HP/DV permit holders are covered by the accessible class.
Additional user_class values may be added as they are encountered in the
dataset.
Purposes¶
This project is minimizing the purpose field, which is specified as
using an OR operator. The values of purpose encountered so far include:
- emergency_use
- pickup_dropoff (not a CDS well known value, but helps to distinguish PUDO areas)
Examples of use cases where purpose is important include:
- School zone pick-up and drop-off only, usually time-limited.
- Zones reserved for emergency ambulance use.
Hydrant areas are also tagged with the purpose emergency use to help distinguish them.
Purpose is not used to describe allowable activities that are the reason for a no-parking regulation, such as street sweeping or temporary construction access.

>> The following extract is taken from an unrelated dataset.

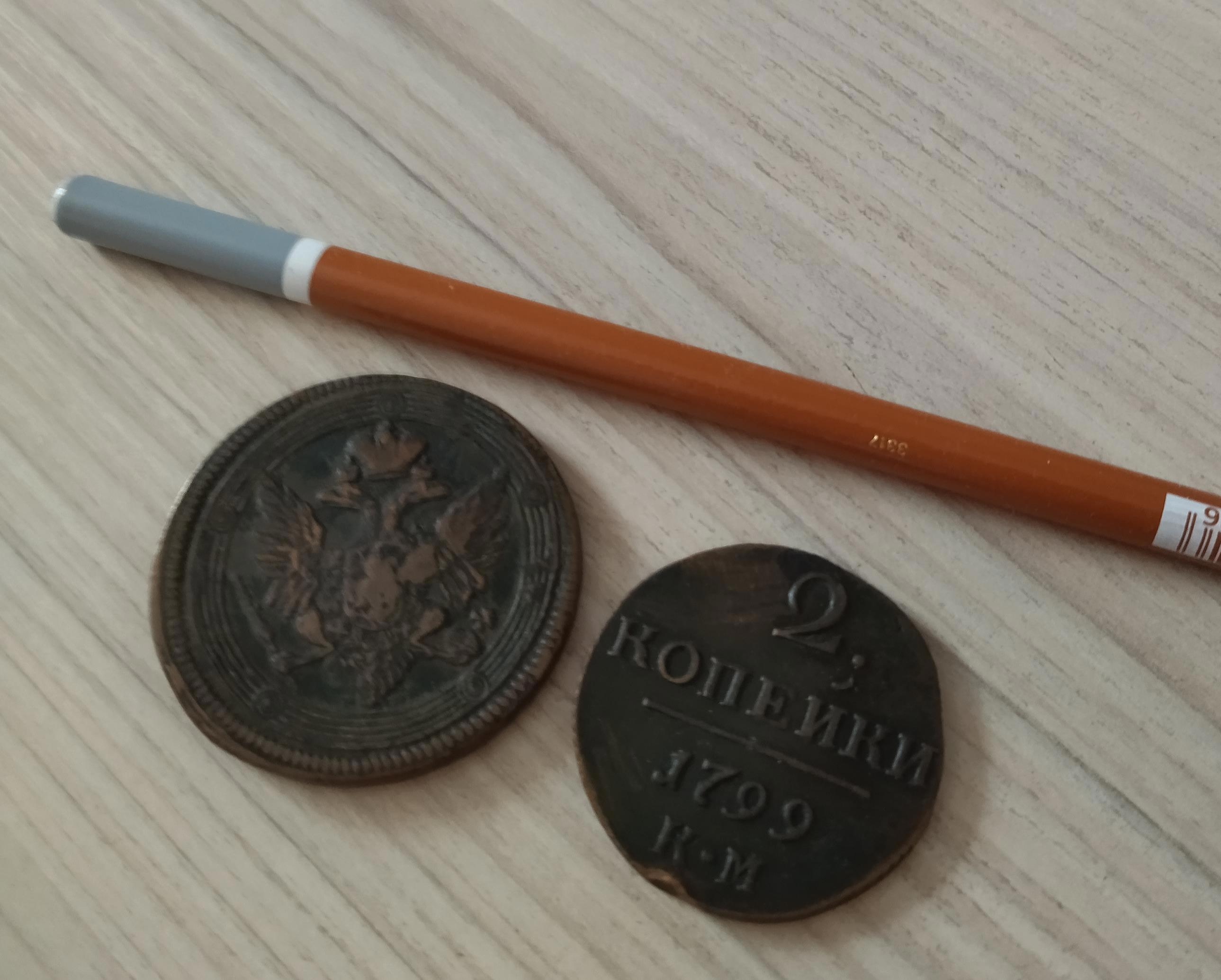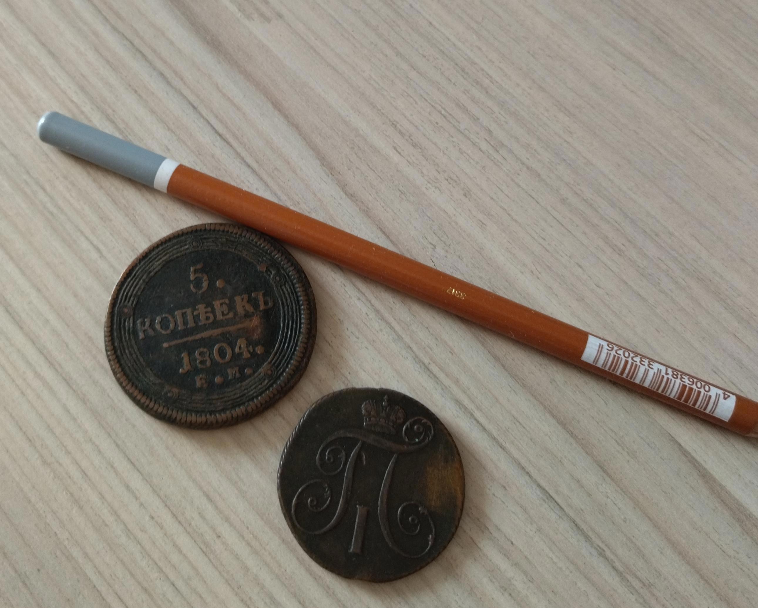 Деньги. Две медные монеты из местной меди. Видите две буковки КМ - колыванская медь. В Сибири было позволено чеканить свою монету на Сузунском монетном дворе. Возить медные деньги из России было слишком затратно, а монетки весили немало. Даже этот пятачок и двушка вытягивают примерно на 100 грамм. Смотреть тут: https://author.today/work/338588

Additional purpose values may be added as they are encountered in the
dataset.
Timespans¶
Timespans describe which days and times a Policy is in effect. If a Policy applies 24/7, CDS permits omitting this field.
The Boston implementation always explicitly includes the following fields, which are the most commonly used time-specific fields on parking signage. - time_of_day_start - time_of_day_end - days of week
A policy applying all day uses the time span (midnight to midnight):
While more verbose, this aims to increase the consistency of outputs within an AI-driven inventory framework.